Overall, 276 (~91%) SNPs were polymorphic in all genotyped animals and were considered as true variants (see Additional file 6). Among these, 61 SNPs were private and were polymorphic only in one breed. Thus, they were considered as breed-specific variants i.e. two in Brown Swiss, three in Limousine, 12 in Montbéliarde, 27 in Normande, 16 in Holstein and one in Blonde d’Aquitaine. For 51 polymorphic SNPs, we observed only two genotypes. No homozygous individual for the alternative allele was observed among all genotyped samples. For these 51 variants, we determined the expected proportions of homozygous individuals for the alternative allele in each breed and then calculated the significance probability (p value) from the binomial distribution, with event probability equal to zero (which corresponded to the proportion of observed homozygous individuals for the alternative allele), and the number of observations was equal to the number of animals in each breed. For 41 of the 51 variants, there was no significant difference between the expected and the observed proportions (see Additional file 6). However, for the other 10 variants, the expected proportion was significantly different from the observed proportion in at least one breed (see Additional file 6). These corresponded to nine missense deleterious mutations and one LOF variant. This latter one corresponded to the p.Q579* mutation within the APAF1 gene (HH1: Holstein Haplotype 1) which was previously reported as a strong candidate mutation for embryonic lethal defects . As expected, significant differences between the observed and estimated proportions of homozygous individuals for the alternative allele were only observed in the Holstein breed. Two other deleterious missense mutations were also located within CBX3 (chromobox protein homolog 3) and RBBP5 (RB binding protein 5, histone lysine methyltransferase complex subunit) genes which are known to be associated with male germ cell survival and spermatogenesis  and sterility , respectively.

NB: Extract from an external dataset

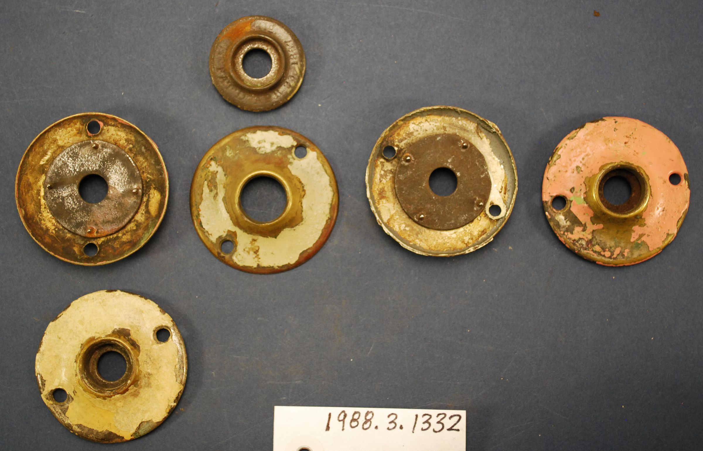 Comments: Five roses, five backer plates (cast iron) each cast iron backer with patent information. Each escutcheon plated with white colored metal.Lexicon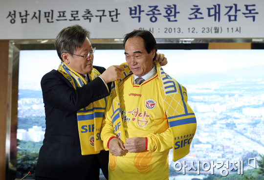[성남=아시아경제 정재훈 기자] 박종환 성남시민프로축구단 초대감독이 23일 오전 성남시청에서 임명장 수여식을 가졌다.

The 51 SNPs for which only two genotypes were observed were located within 42 known gene coding regions. Thus, these genes were used to carry out gene ontology (GO) and mammalian phenotype ontology (MPO) enrichment analyses using the MouseMine analysis tools (see Additional file 7). The most significant enriched MPO categories were related to abnormal nervous system morphology and phenotype, preweaning lethality, and abnormal brain development (see Additional file 7, sheet1). However, no significant GO category enrichment was obtained (see Additional file 7, sheet 2). It will be very interesting to study the effect of these variants on phenotypes of interest in cattle.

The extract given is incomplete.